● Task to complete
What you should give back is a precise copy of the lines below from the one containing "Dutch colonial-style house" through the one containing "Задача: Установка инверторной", with no pictures.

● Excerpted records

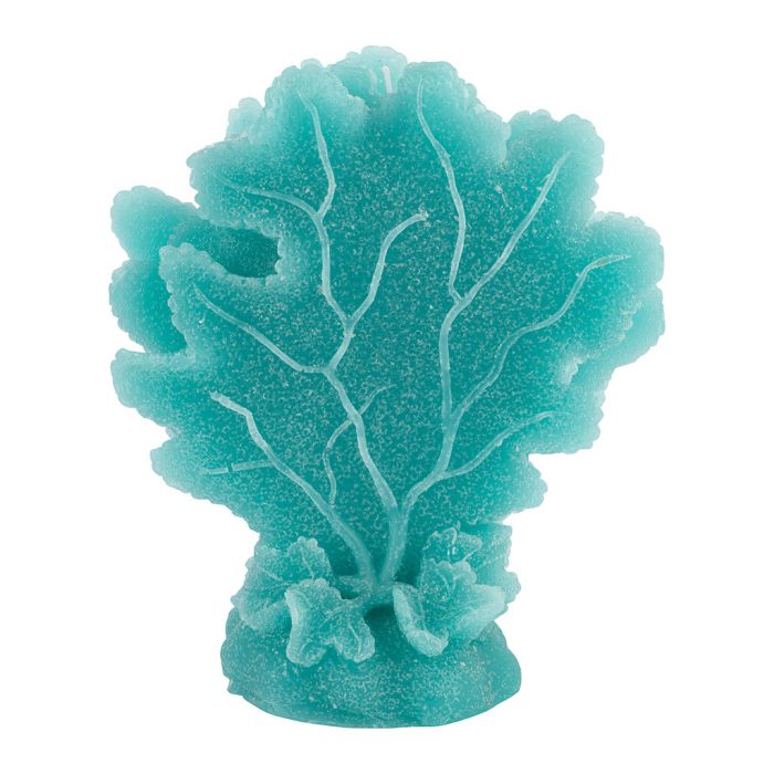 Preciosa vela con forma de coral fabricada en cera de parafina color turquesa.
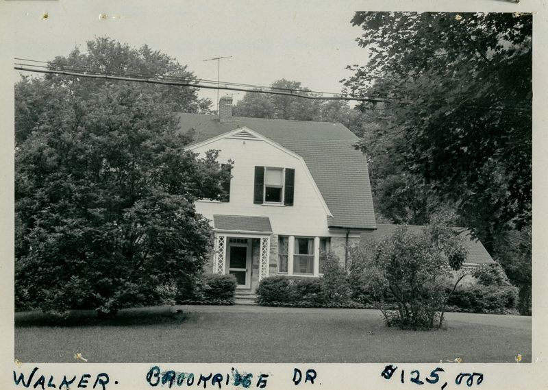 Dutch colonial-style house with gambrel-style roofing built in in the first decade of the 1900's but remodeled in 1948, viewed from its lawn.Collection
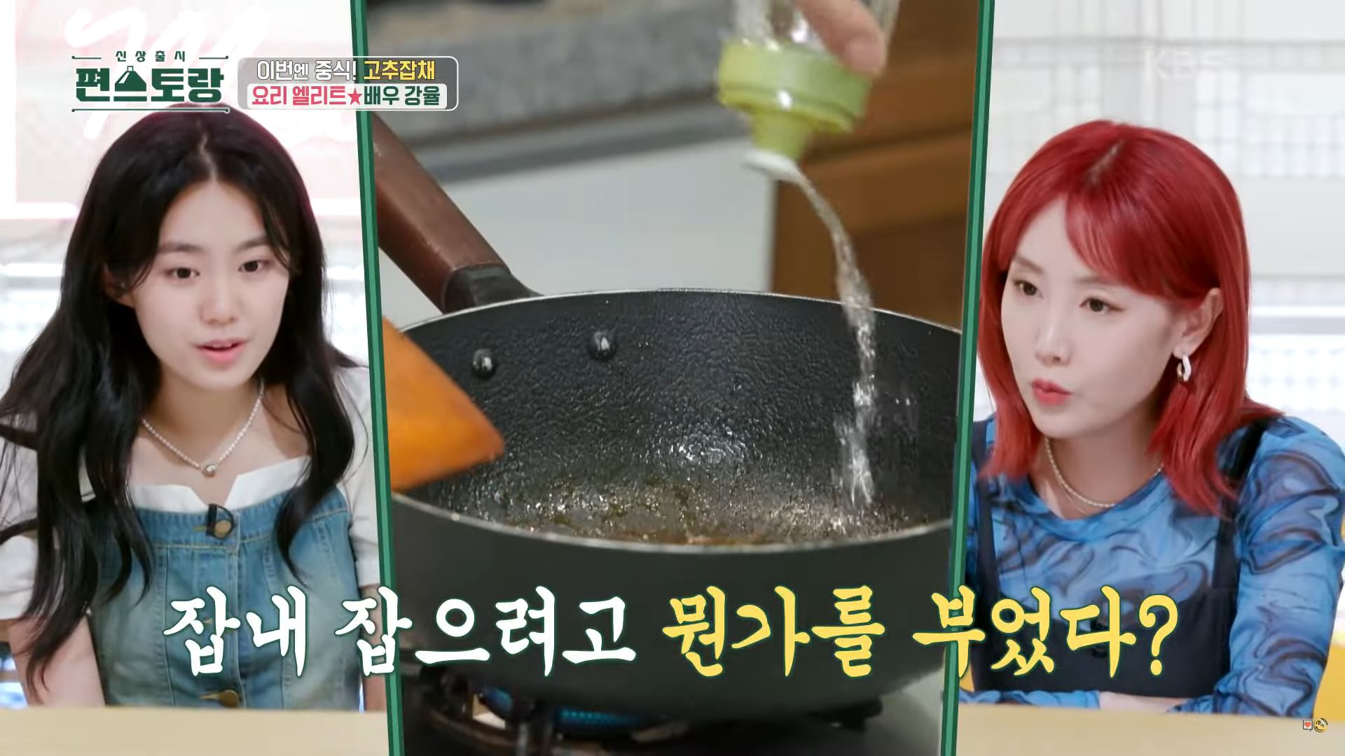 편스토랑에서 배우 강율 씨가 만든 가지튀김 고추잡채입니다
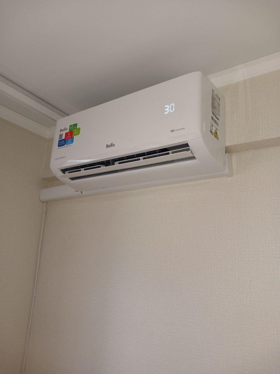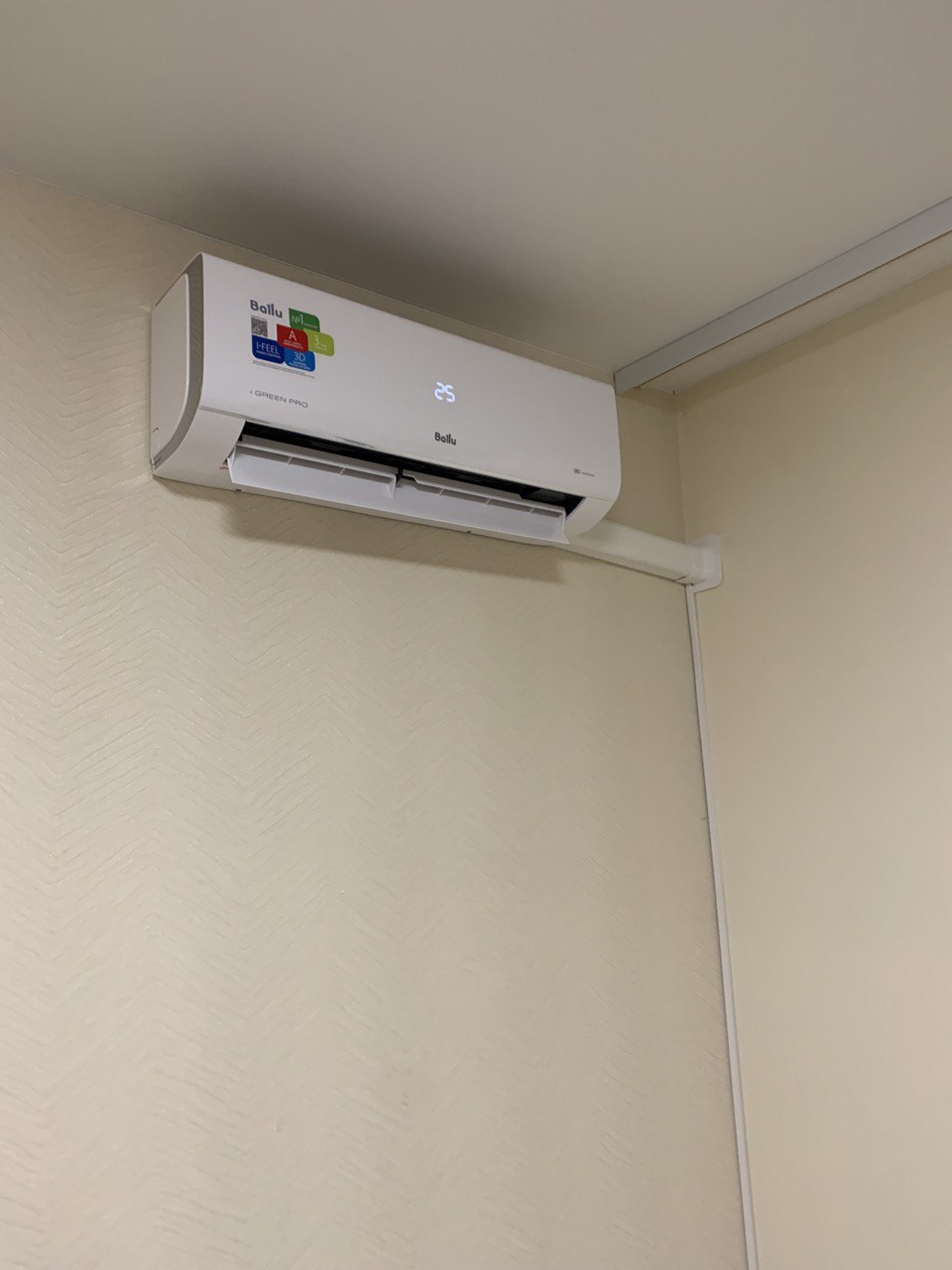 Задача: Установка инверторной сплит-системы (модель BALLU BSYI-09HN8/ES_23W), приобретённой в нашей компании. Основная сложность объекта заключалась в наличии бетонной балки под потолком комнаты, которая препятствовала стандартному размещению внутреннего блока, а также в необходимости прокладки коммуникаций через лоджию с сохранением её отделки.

--

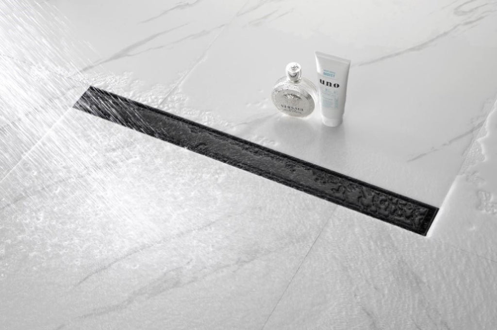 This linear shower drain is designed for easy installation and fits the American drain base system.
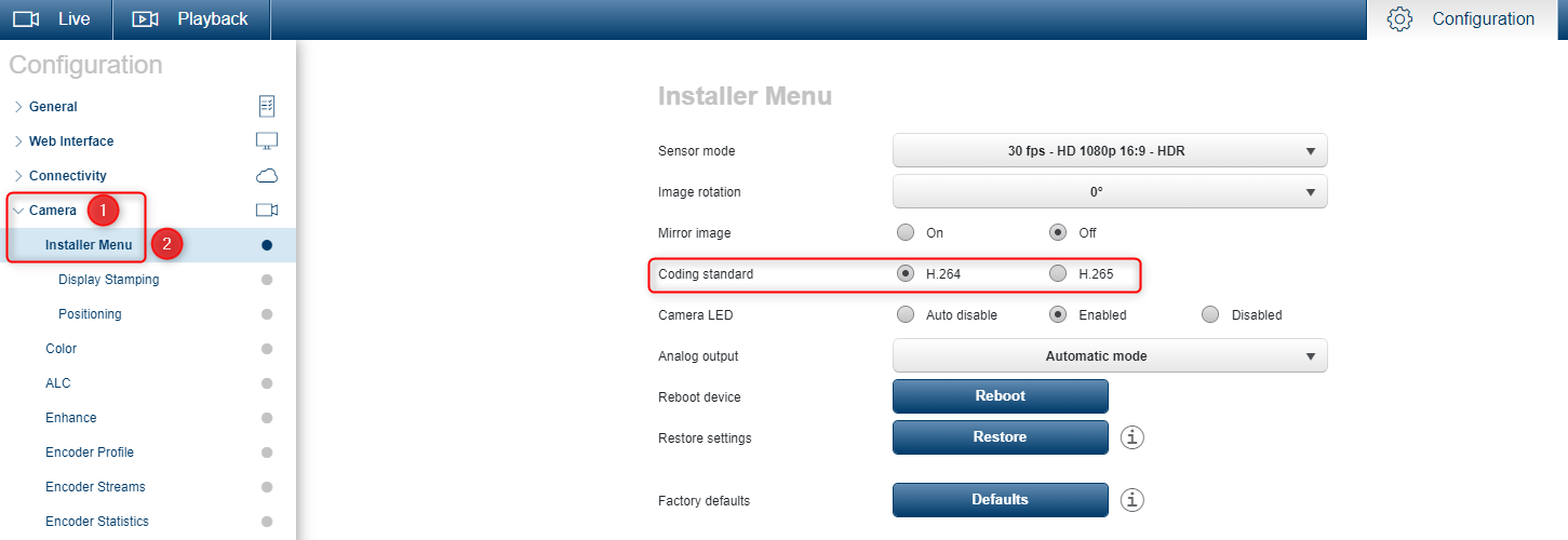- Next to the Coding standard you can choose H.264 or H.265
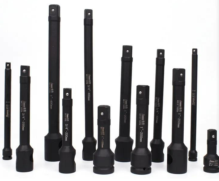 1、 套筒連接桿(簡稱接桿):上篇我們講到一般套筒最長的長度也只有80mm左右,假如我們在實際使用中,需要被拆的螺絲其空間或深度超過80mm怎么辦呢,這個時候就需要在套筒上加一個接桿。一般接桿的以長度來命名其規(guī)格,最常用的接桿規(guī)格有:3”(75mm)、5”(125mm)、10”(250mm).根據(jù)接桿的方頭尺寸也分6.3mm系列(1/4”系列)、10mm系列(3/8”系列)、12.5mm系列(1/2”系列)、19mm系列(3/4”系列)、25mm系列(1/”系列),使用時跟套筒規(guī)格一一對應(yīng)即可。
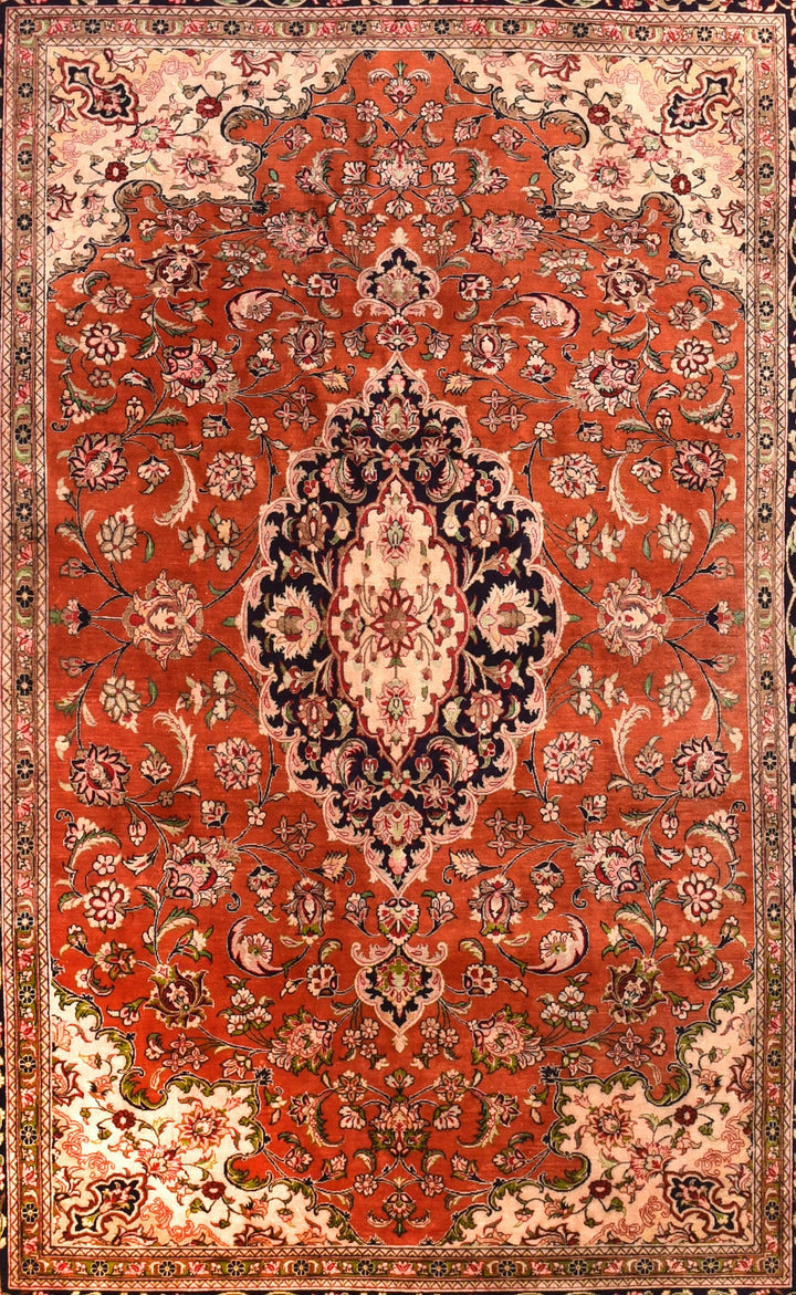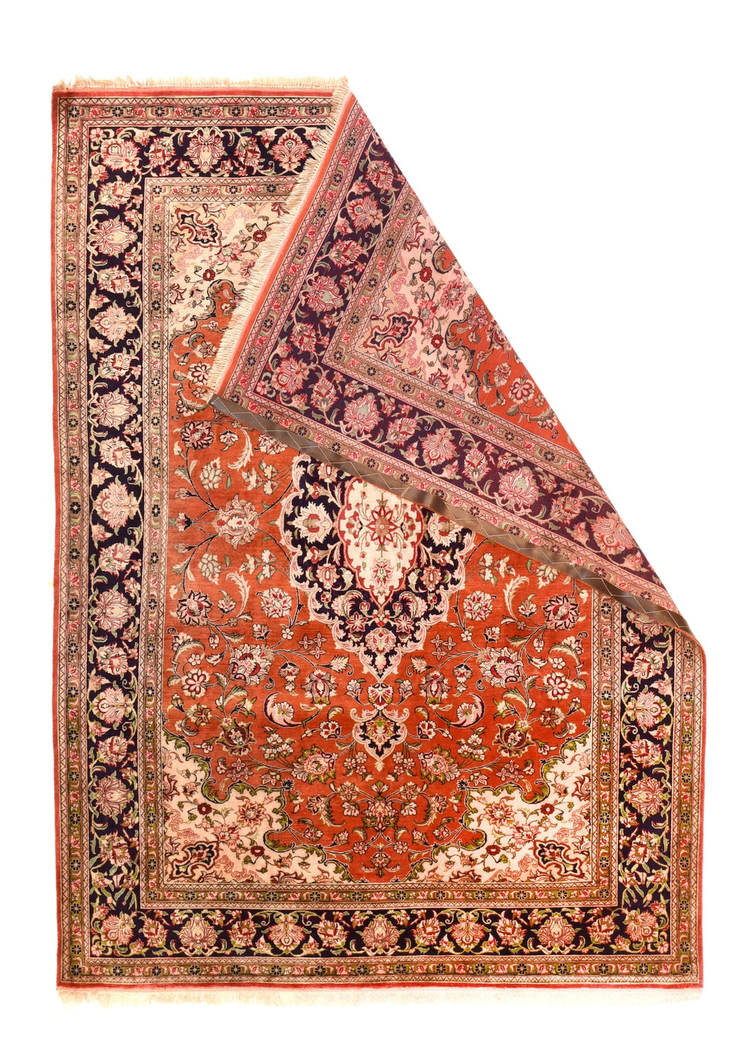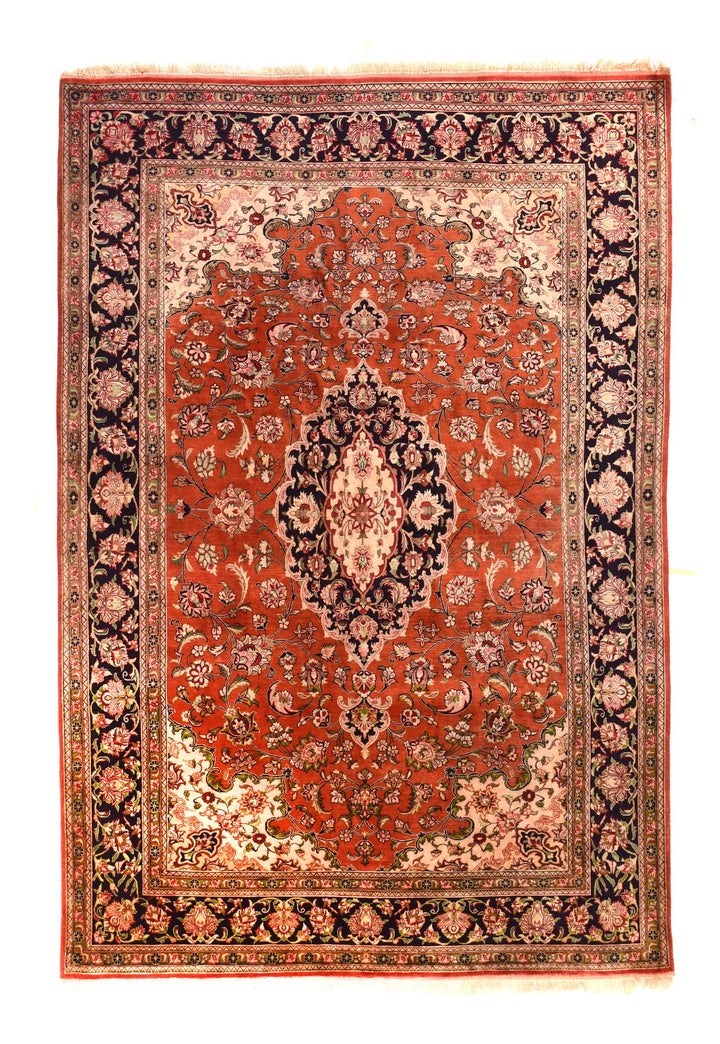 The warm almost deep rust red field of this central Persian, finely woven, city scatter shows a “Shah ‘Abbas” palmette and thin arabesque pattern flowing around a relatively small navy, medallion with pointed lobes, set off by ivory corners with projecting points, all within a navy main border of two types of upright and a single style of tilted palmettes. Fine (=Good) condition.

● Finished exercise
 Dutch colonial-style house with gambrel-style roofing built in in the first decade of the 1900's but remodeled in 1948, viewed from its lawn.Collection
 편스토랑에서 배우 강율 씨가 만든 가지튀김 고추잡채입니다
 Задача: Установка инверторной сплит-системы (модель BALLU BSYI-09HN8/ES_23W), приобретённой в нашей компании. Основная сложность объекта заключалась в наличии бетонной балки под потолком комнаты, которая препятствовала стандартному размещению внутреннего блока, а также в необходимости прокладки коммуникаций через лоджию с сохранением её отделки.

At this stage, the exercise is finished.